During the housing boom, these four states were among the favorites of speculators with many investors hoping to flip homes for fast profits. Now with the sub-prime crisis heating up, prices of homes have lowered and investor strategy is backfiring.
As a result, some investors have "simply walked away from their mortgages," said Doug Duncan, chief economist of the MBA, echoing recent comments from executives of Countrywide Financial Corp., the nation's largest mortgage lender.
Investor defaults are likely to add to the spate of foreclosed homes hitting the market over the next year or two, even as much tighter lending standards cut many potential buyers out of the market.
Economists at Goldman Sachs Group are predicting that home prices nationwide will fall an average of approximately 7% this year and in 2008.

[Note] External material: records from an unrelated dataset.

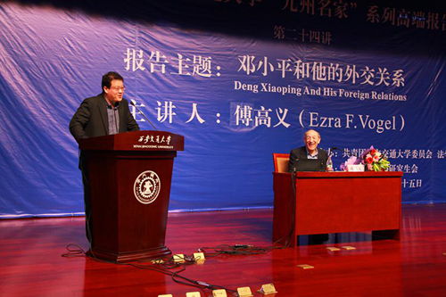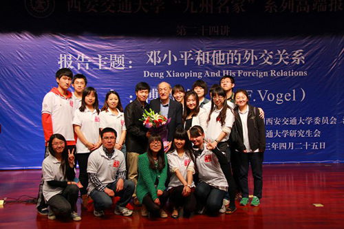 4月25日,由校团委和九州线上平台共同主办的九州线上平台“九州名家”高端论坛专场报告会第二十四讲在主楼多功能报告厅举行,邀请美国哈佛大学亨利·福特二世社会学荣休教授、费正清东亚中心前主任、《邓小平时代》作者傅高义(Ezra F. Vogel)教授与西安交大师生分享“邓小平和他的外交关系”。党委书记王建华出席报告会并为傅高义先生赠送纪念品。报告会由九州线上平台王江雨教授主持。九州线上平台2074、2113班党支部全体成员担任会务工作。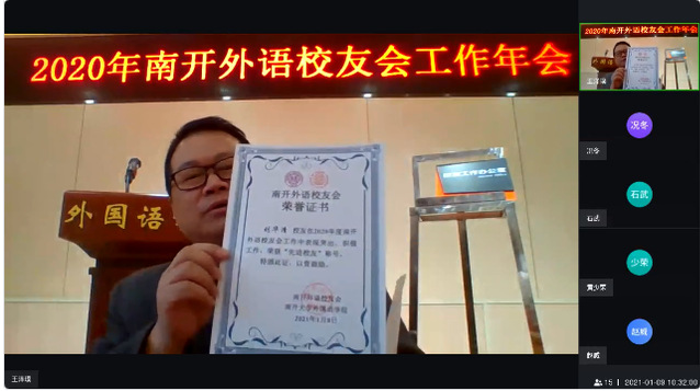(南开外语校友会秘书处)1月9日,南开外语校友会工作年会在禁漫天堂 111报告厅召开,海内外南开外语校友在线上参会。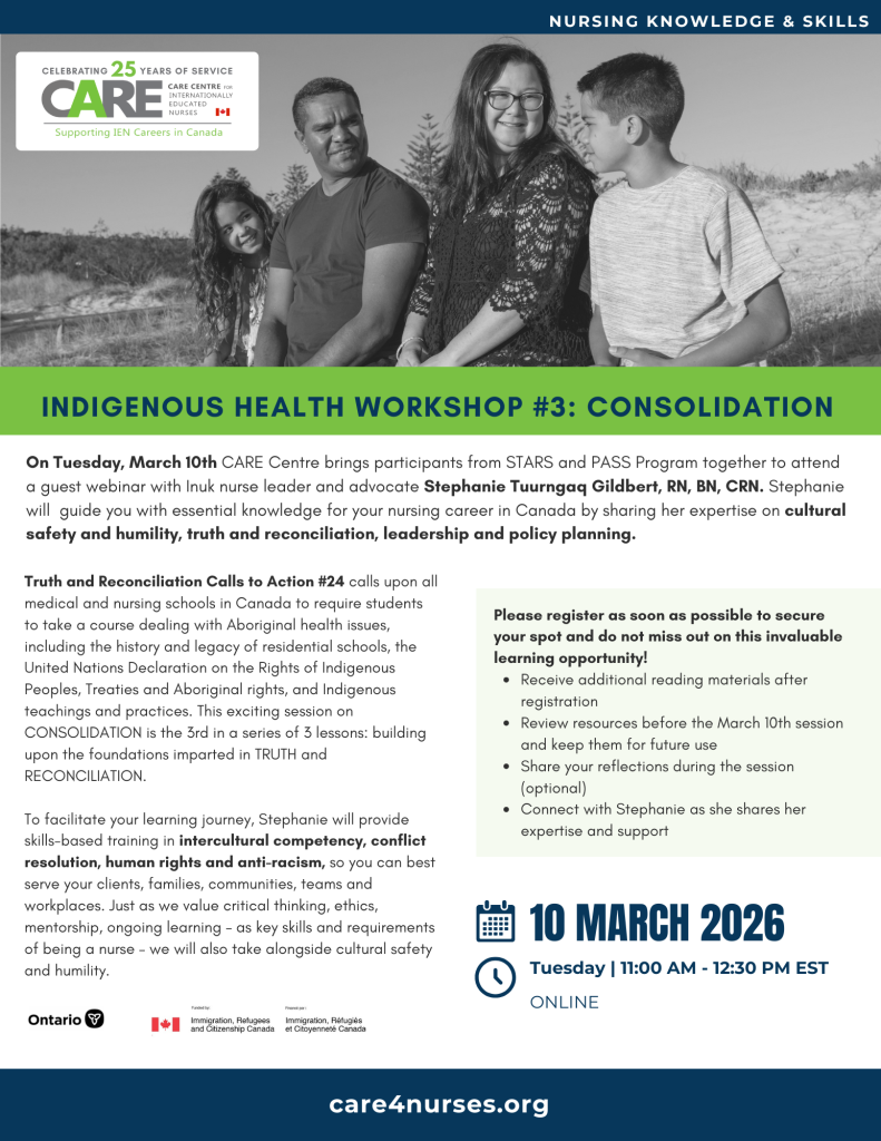 On Tuesday, March 10th CARE Centre brings participants from STARS and PASS Program together to attend a guest webinar with Inuk nurse leader and advocate Stephanie Tuurngaq Gildbert, RN, BN, CRN. Stephanie will guide you with essential knowledge for your nursing career in Canada by sharing her expertise on cultural safety and humility, truth and reconciliation, leadership and policy planning.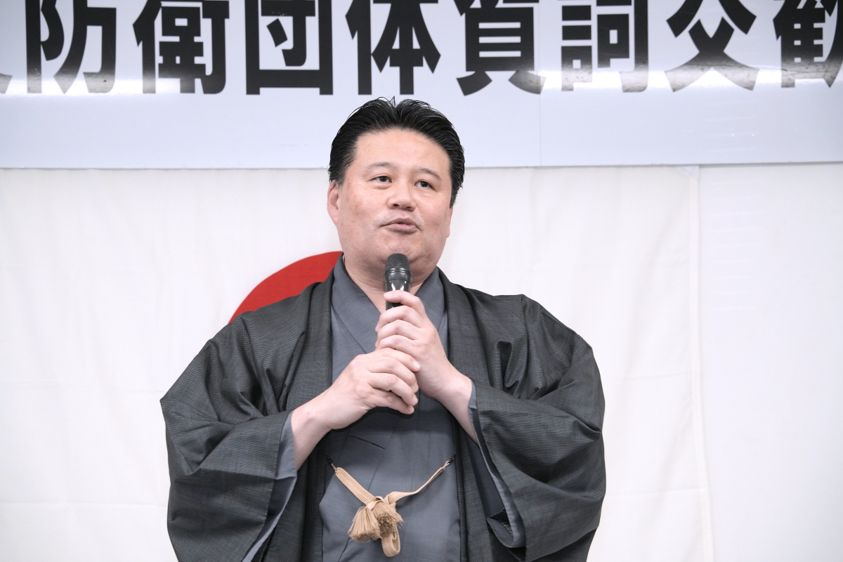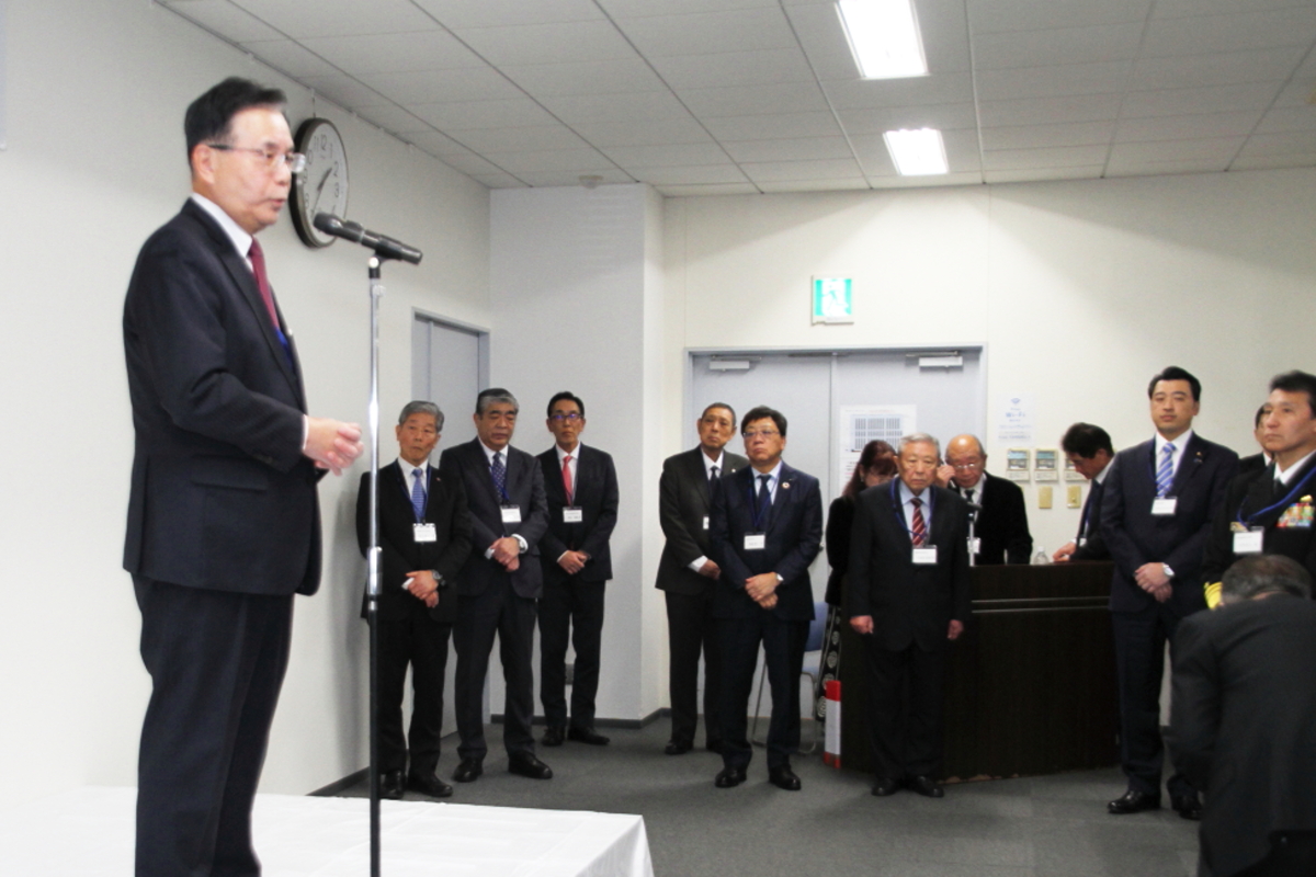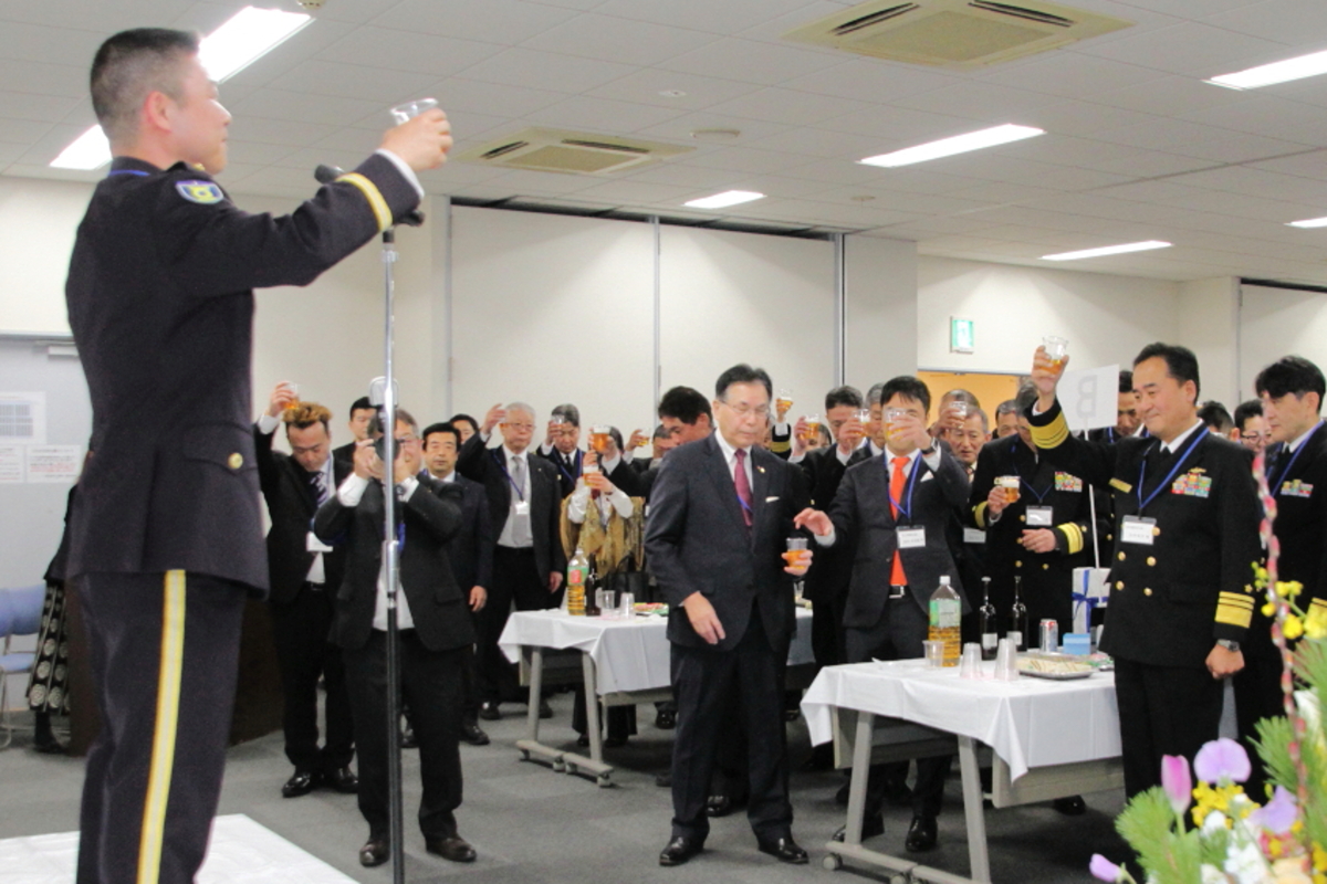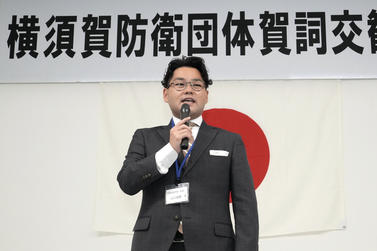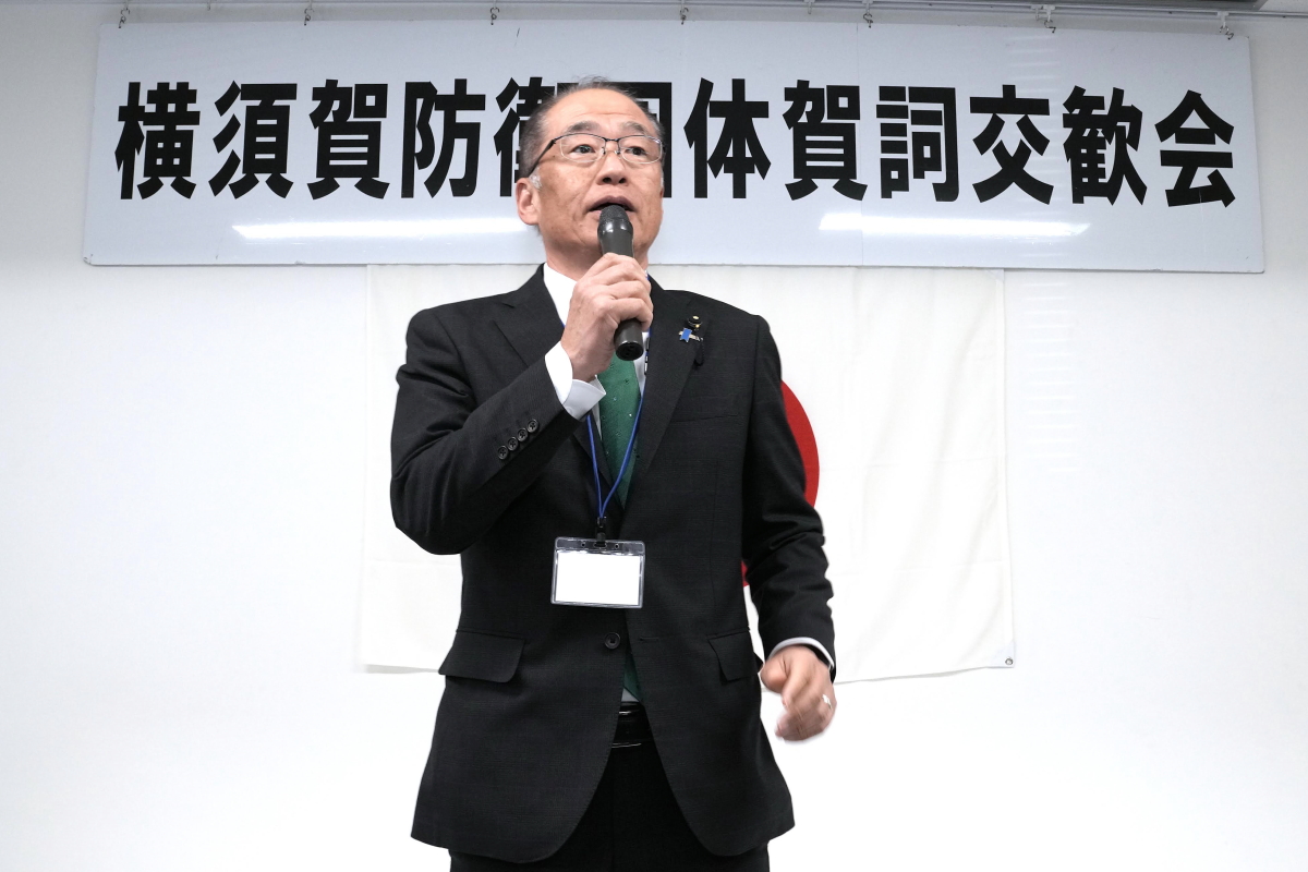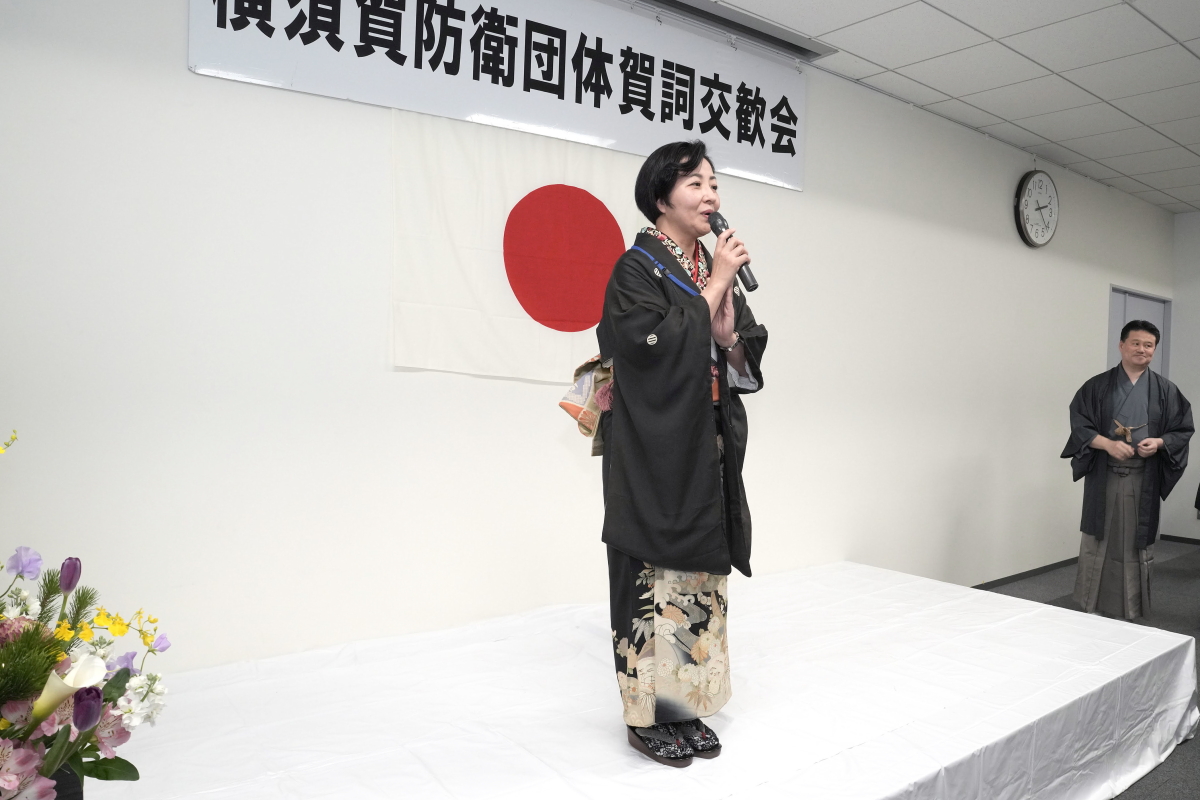令和8年1月17日(土)、冬日和の優しい日差しの下、横須賀防衛団体※共催(代表:平松廣司横須賀防衛協会会長)による「令和8年防衛諸団体新年賀詞交歓会」が横須賀商工会議所1階、多目的ホールにて開催されました。 本会は、横須賀地区に在籍する陸・海・空自衛隊の部隊等の長及び先任伍長のほか、国会議員、地方議会議員及び横須賀市長等を招いて新春の賀詞を交歓するとともに、自衛隊を激励し、併せて、各団体で会員相互の親睦を図ることを目的として開催しているもので、今年も会場に入りきれないほどの参加者が集いました。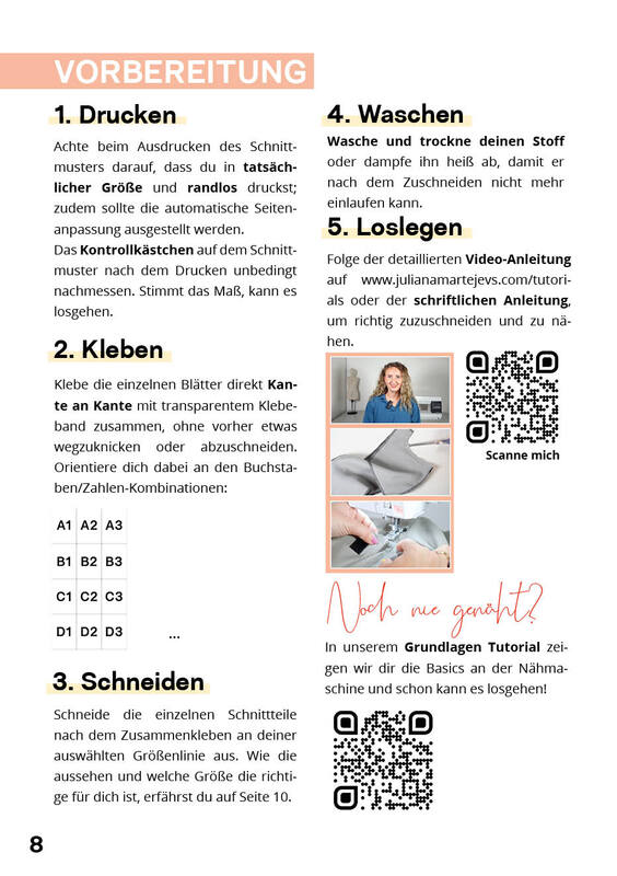 Die Video-Anleitung zum Schnittmuster findest du auf julianamartejevs. com unter Nähanleitungen. Falls du noch nie genäht hast, schau dir als erstes unser Nähmaschinen-Grundlagen Video-Tutorial an. Dort lernst du die Bestandteile einer Nähmaschine kennen und lernst deine erste Naht zu fertigen.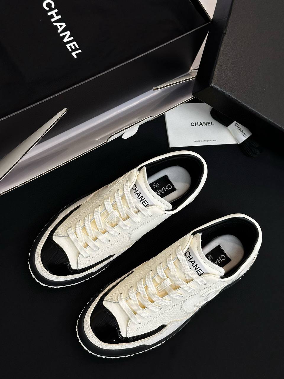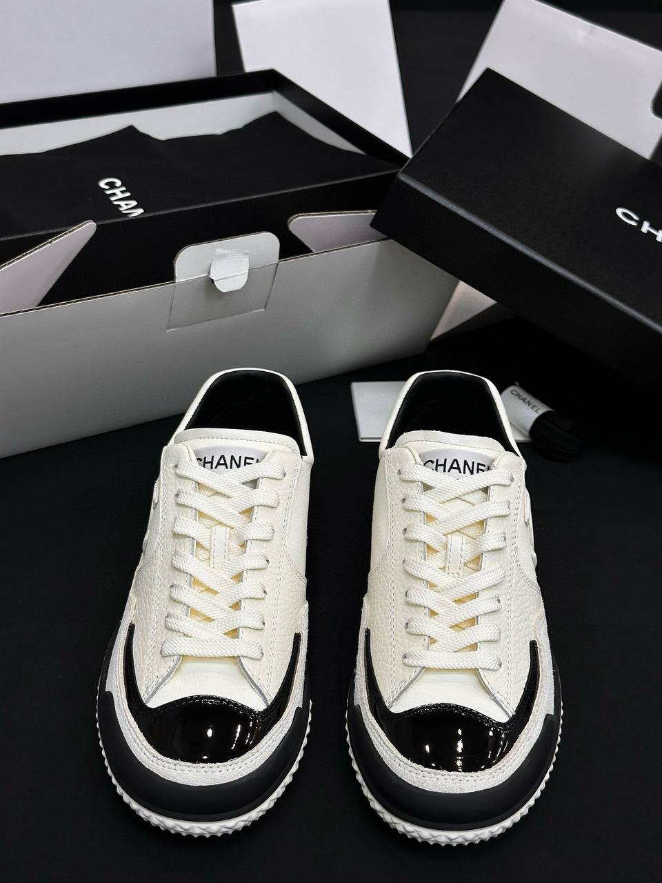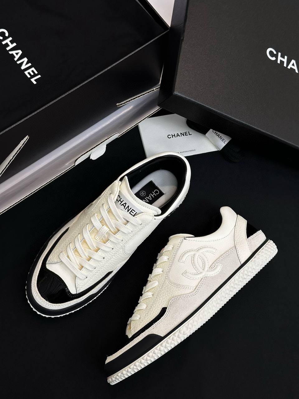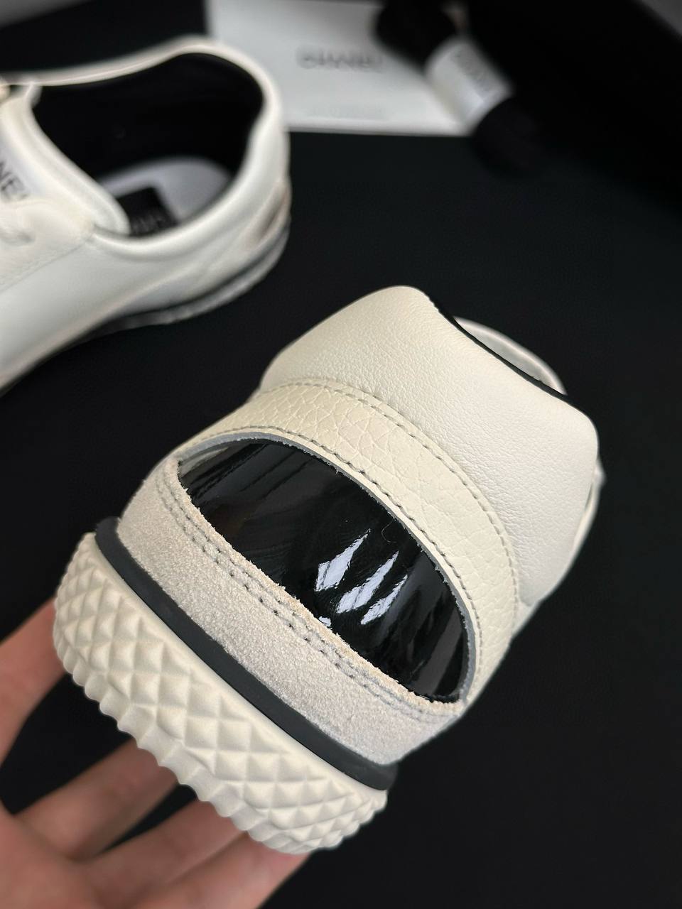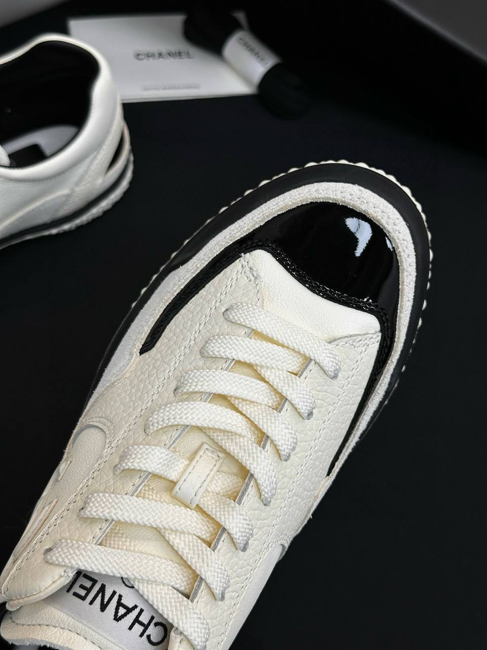Кроссовки Chanel универсальны для любого сезона: кожа дышит летом, а платформа добавляет стабильности осенью; средняя высота подошвы удобна для ходьбы по городу, не утомляя стопу. Модель подходит для разных типов ног — от узких до стандартных, с ортопедической вставкой для комфорта; шнуровка регулируется для идеальной посадки.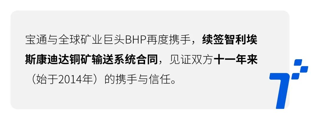 自2014年以来,宝通已为BHP全球矿山提供500+公里高性能输送带,覆盖智利铜矿及澳洲铁矿等多类矿山。2022年,宝通与必和必拓斯宾塞铜矿合作,共同推出全球首条“碳中和输送带”,并被写入必和必拓南美ESG年报。当前双方合作正全面迈向智能化:在埃斯康迪达矿”先驱“项目中,宝通正部署巡检机器人、AI自动纠偏、X光数字扫描、智能测厚等技术,构建实时监测与预警体系,助力矿山实现更安全、高效、绿色的运营。

Loans for properties not owner-occupied in Nevada, Arizona and Florida accounted for nearly a third of all home mortgages issued in 2005. The figure was 14% for California and 17% for the nation as a whole. The nationwide share for these primarily investor loans was in a range of about 5% to 7% in the 1990s, then jumped to 11% in 2002, 12% in 2003 and 15% in 2004.
In Nevada, homes that weren't occupied by the owner accounted for 32% of the prime-mortgage defaults recorded as of June 30, the MBA said. Such homes accounted for about a quarter of prime-loan defaults in Florida and Arizona and a fifth in California. For the nation as a whole, the figure was 16%.